Was casting Salman your producer’s or your decision?
It was a joint decision. When I took the story to Adi (producer Aditya Chopra), he said, “Yeh toh Salman ke saath hi banaayi ja sakti hai (this can be made only with Salman).” That’s what was on my mind too. We narrated Salman a simple 10-page story. We were clear that if he doesn’t do this film we’re not making it. Only when he liked it, I wrote the script.
Why cast a 50-year-old actor as a character who is 30 and later turns 38/40? Was this choice dictated by box-office compulsions?
It’s a mix of many things. First of all when we tell a story we don’t keep the personal so-called age in mind, that if he is 40 I can’t cast him as a 30-year-old. When he was not even 30, Anupam Kher played a 60-year-old in Saaransh. If that can work then other way can too.
Experience has taught me that the film needs to work as a whole. When a film doesn’t work, it’s the film which doesn’t work, it’s not about one character or one scene.
But would age-appropriate casting have harmed Sultan?
No. But when you role model a film on a certain persona, whether it’s the star’s flamboyance or look... When you see Sultan in a mixed martial arts ring who is haggard, down and out, but at the same time is a star called Salman who’s down and out, the impact of that so-called emotion takes a lot of burden out of that character in the film.
Why did you not cast a female star of Salman’s age opposite him?
For the longest time I wanted to cast a new girl because the role demanded training in wrestling which I thought a new girl would do. But in the auditions, girls who were physically fit were not good actors, and good actors were not fit. Then it turned to known stars. I picked Anushka because I thought she and Salman will look not perfect together. I wanted an odd pair in terms of their body structure, on-screen and off-screen persona. Casting Anushka had nothing to do with age. It’s to do with the choices available to me. I almost shot 20 per cent of my film without the actress because I could not find the right girl.

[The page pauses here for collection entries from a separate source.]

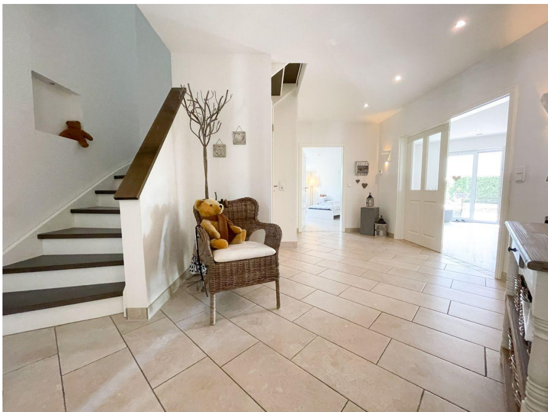
Eingang Flur 2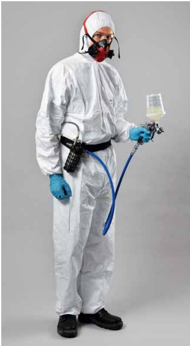
Fig. 9: EPI complet: appareil à adduction d'air comprimé selon la norme SN EN 14594 de la classe 3 avec demi-masque, lunettes de protection, combinaison de protection contre les produits chimiques (type 5) et gants. Le tuyau d'air comprimé est relié à la ceinture et alimente en air le demi-masque et le pistolet de pulvérisation.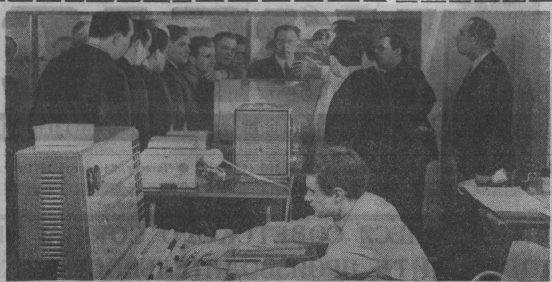
КАК РАБОТАЕТ АСУ?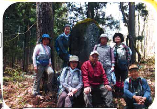
馬頭観音の前で参加者7名の記念撮影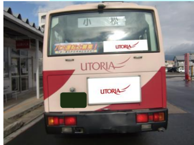
後部大板・後部ステッカー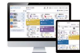
睡眠解析技術をベースにしたSaaS型高齢者施設見守りシステム(イメージ)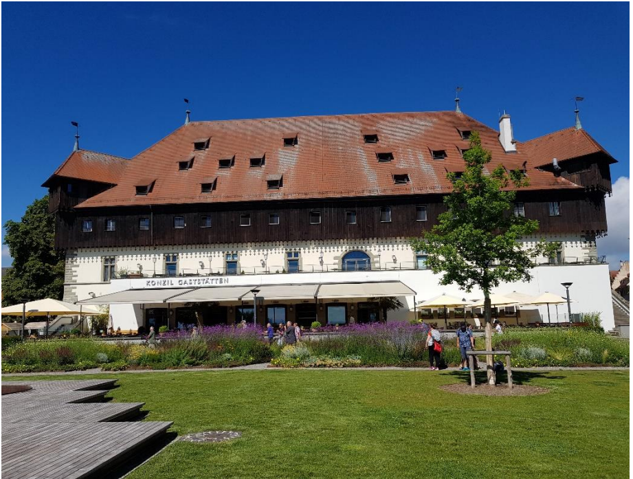
Bâtiment dans lequel le Concile de Constance eut lieu

A l'époque du Concile, les rives du lac venaient jusqu'aux murs de cet ancien entrepôt. Maintenant, les berges ont été aménagées et une belle place s'étend devant l'édifice qui est devenu un restaurant, dans lequel notre repas est prévu à la fin de la visite.

You don’t think Aishwarya, Madhuri, Sridevi could look “not perfect” with Salman? At 42, Aishwarya is much younger than him, but closer in age than Anushka.

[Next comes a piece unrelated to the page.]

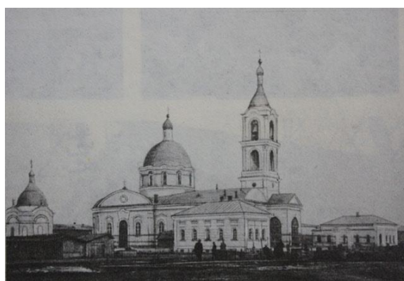
Фото № 4. Казанская церковь.

At heart Sultan is a love story, and a love story usually works with a fresh pairing. The ladies you mention have already worked with Salman. Also one should always be conscious about the audience you want to connect to. Today I want to connect with people for who Anushka could be a role model after NH10.

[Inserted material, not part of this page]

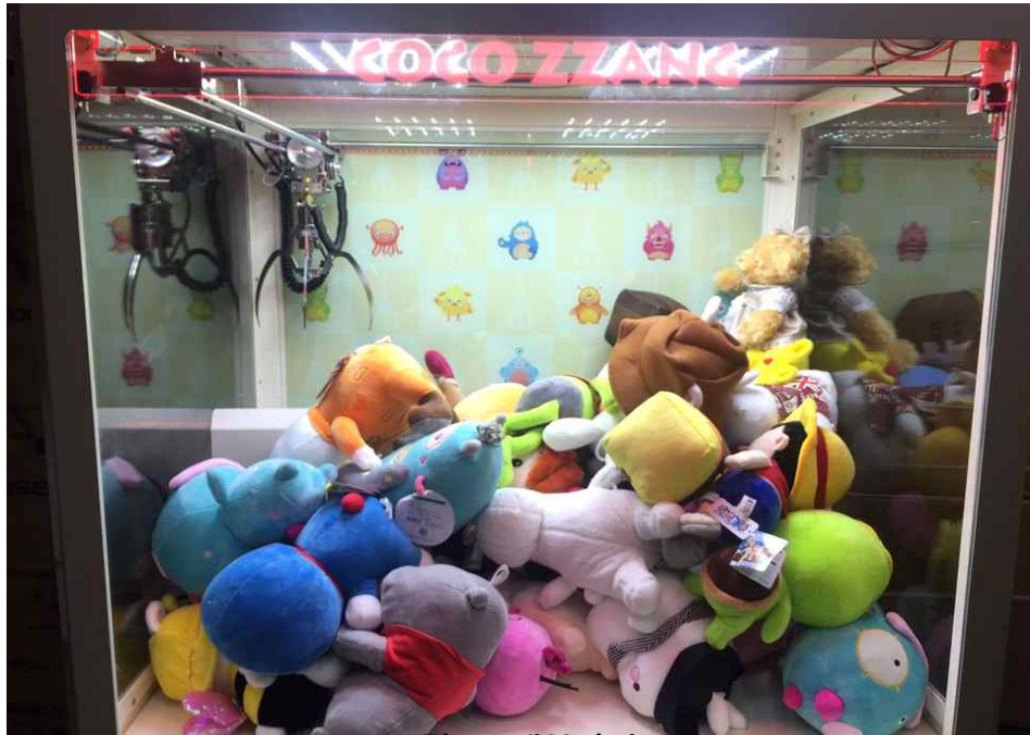
그림 7) 내부사진

Film history is filled with couples repeatedly cast together because the pairing was successful.
Ya, but usually a fresh pair in a love story can make even conventional scenes look that they’re done for the first time, because the two actors get some kind of an organic chemistry going. Same actors keeps getting paired, a sameness sets in.
SRK-Kajol, Amitabh-Rekha, Nargis-Raj Kapoor?
These are legendary castings. They are picked when you want the audience to be in love with them even before the film. Sultan was not doing that. Sultan was trying to bring a fresh side to Salman, to pair a new couple together. And the girl has already paired opposite Aamir and Shah Rukh so she has that dignity as a screen age too.
A young Anupam Kher playing an old man in Saaransh is rare. What is common is male stars playing characters much younger than their real age. Your logic behind casting 50-year-old Salman as 30-year-old Sultan isn’t applied while casting women. Why not?
I’m with you on that. I don’t have a counter to that question.
But when Priyanka (Chopra) came in Gunday, she was in terms of screen age much older than Arjun (Kapoor) and Ranveer (Singh). I took that decision because she’s brilliant and I thought she will look beautiful as Nandita.
Are you referring to the character’s age in Gunday or to Priyanka’s age?
I’m referring to Priyanka’s real age and on-screen experience.
But Priyanka is just three years older than Arjun and Ranveer.
It’s to do with screen age more than physical age. Arjun and Ranveer got launched many years after Priyanka, so there is a perception. If Anushka had started acting when she was 17-18, people would have given her that so-called age on camera. Everything is in perspective of how long have you seen that person on film.
Anushka is 22 years younger than Salman. I don’t get this comparison.
I only mentioned Gunday because it was my film. The point is, a director has to pick the actor who will pull off the character he has written, keeping all other factors in mind.
Okay. Both lead characters in Sultan are Muslim. How come you did not underline their religious identity the way many Hindi films do with minority community members?
In every film you will see some side of that filmmaker as a person, and my understanding of being a Muslim in India is replicated in Sultan. The idea of religion not being an overbearing force in the text came effortlessly because it doesn’t matter whether Sultan is Hindu, Muslim, Christian, Sikh – the film is not about that.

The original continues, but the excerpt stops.